## Problem to solve
The part to set down runs from the first line of the data below through the line with "周先礼院长介绍了学院本学期的", inclusive; write it exactly and leave out the pictures.
---------- Raw data ----------
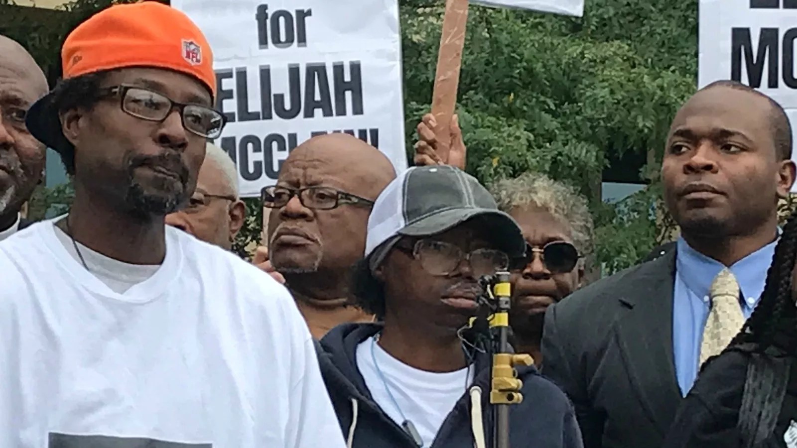 LaWayne Mosley, far left, and Sheneen McClain, center, spoke on behalf of their son, Elijah McClain.
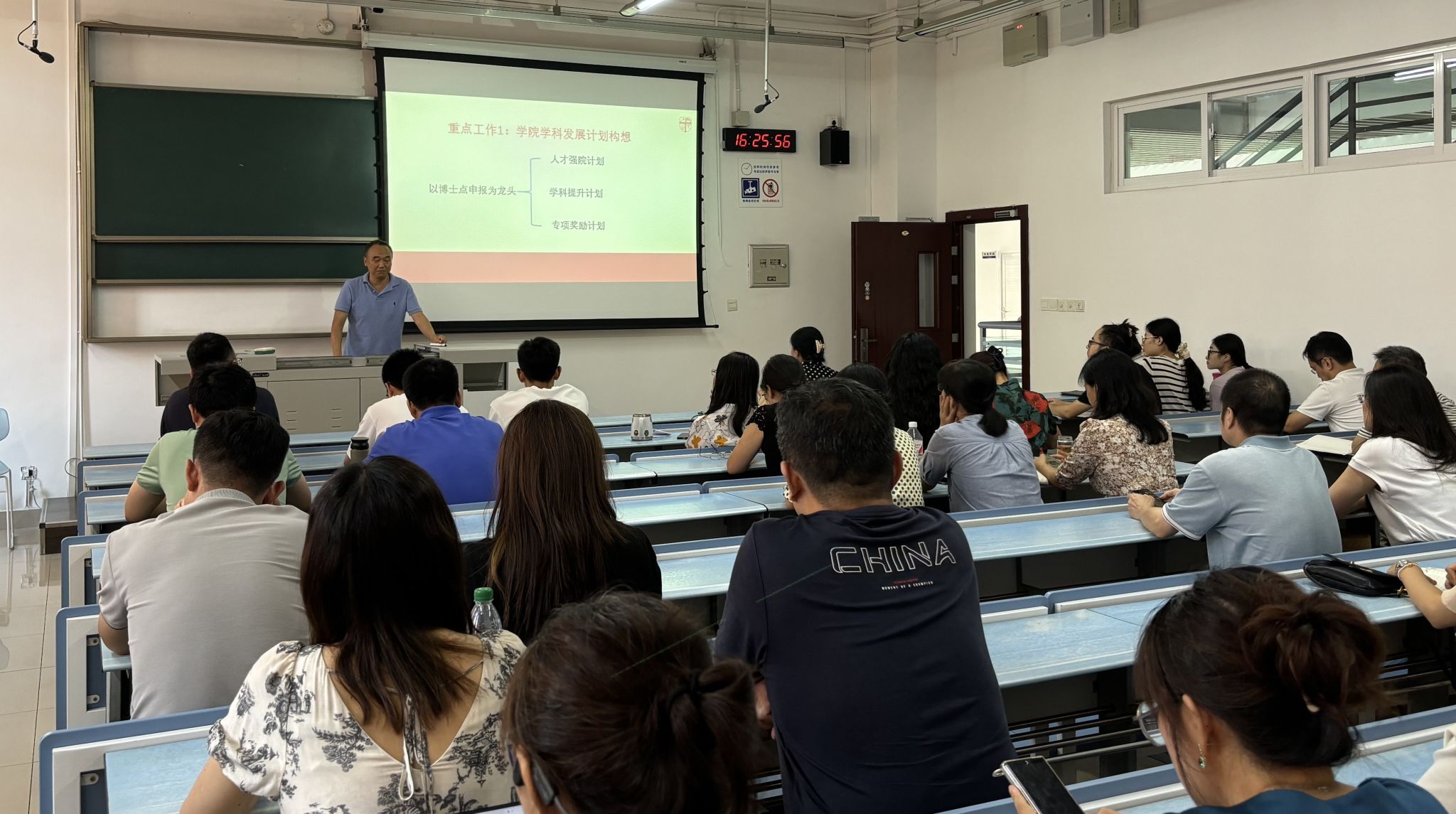 周先礼院长介绍了学院本学期的重点工作。他强调学院要聚焦学校“生医特色拓展”的发展目标,以博士点申报建设为龙头工作,凝练学科方向,牵引学院高质量发展。学院针对师资队伍建设、学科提升等重点难点环节制定相关政策,以教学成果奖和科研成果奖为突破口,建设我院标志性成果库,加强博士后队伍建设,拓宽人才师资引进渠,用好绩效分配指挥棒,激励教职工为学院学科建设贡献力量。
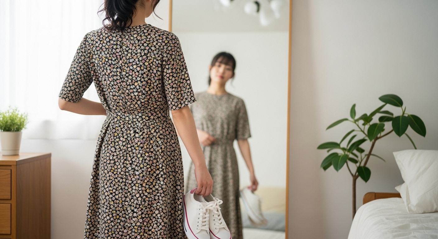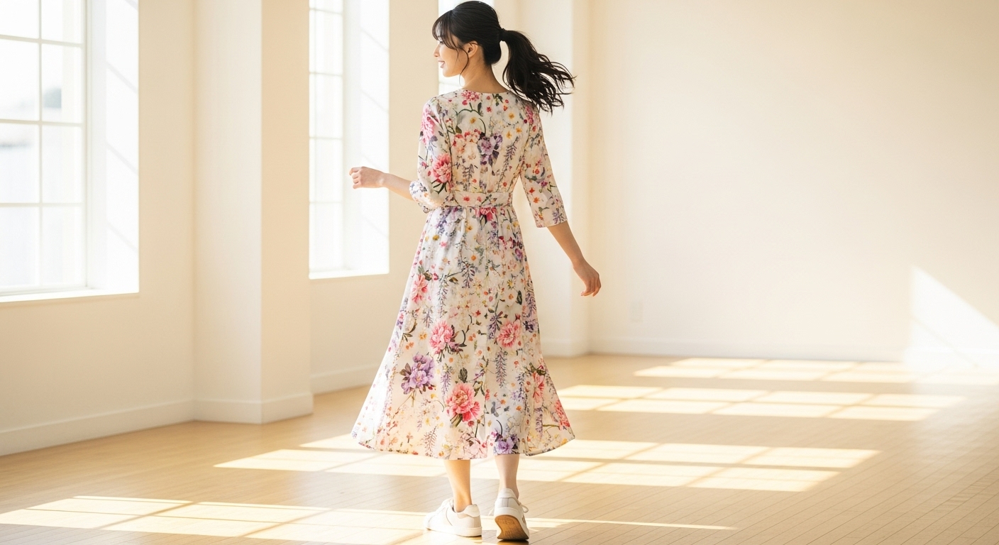 手持ちの花柄ワンピースとスニーカーで、まずは一度試してみてください。
----------
## Task result
 LaWayne Mosley, far left, and Sheneen McClain, center, spoke on behalf of their son, Elijah McClain.
 周先礼院长介绍了学院本学期的重点工作。他强调学院要聚焦学校“生医特色拓展”的发展目标,以博士点申报建设为龙头工作,凝练学科方向,牵引学院高质量发展。学院针对师资队伍建设、学科提升等重点难点环节制定相关政策,以教学成果奖和科研成果奖为突破口,建设我院标志性成果库,加强博士后队伍建设,拓宽人才师资引进渠,用好绩效分配指挥棒,激励教职工为学院学科建设贡献力量。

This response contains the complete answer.